A betterC base

Dave Jones dave at jones.com
Fri Feb 9 15:48:46 UTC 2018


On Thursday, 8 February 2018 at 18:06:38 UTC, Walter Bright wrote:
> On 2/8/2018 9:03 AM, Dave Jones wrote:
>> If D had a decent garbage collector it might be a more 
>> convincing argument.
>
> 'Decent' GC systems rely on the compiler emitting "write gates" 
> around every assignment to a pointer. These are justified in 
> languages like Java and Go for which everything is GC 
> allocated, but they would be a performance disaster for a 
> hybrid language like D.
>
> More precise GC exacts heavy runtime penalties, too, which is 
> why attempts to add them to D have had mixed results.

When even you make excuses for the sub standard garbage 
collection how can anyone expect to use it as a positive selling 
point for D?

That's my point, that the current GC is not something that will 
sell many tickets to the show. Whether there are good reasons for 
it being so is kind of beside the point.


> I.e. it isn't an issue of us D guys being dumb about the GC.

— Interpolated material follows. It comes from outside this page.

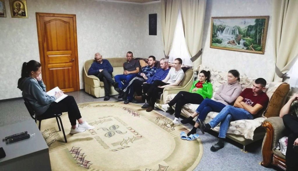 - При поступлении, зависимые проходят процедуру детоксикации организма и приступает к работе с психотерапевтом, принимая участие в индивидуальных или групповых занятиях.

I have no doubt about that.


>> If going malloc didnt lose you a bunch of features and bring a 
>> bunch of other stuff you need to be careful of, that might be 
>> a good argument too.
>
> With @nogc, you don't have to be careful about it. The compiler 
> will let you know.

I mean more mixing GCed and malloc memory. If you want to use 
malloc and still use language features that need GC, you still 
need to be aware and think about whether any of malloced stuff 
needs to be registered with the GC.

IE. It's not just a case of "hey just use malloc".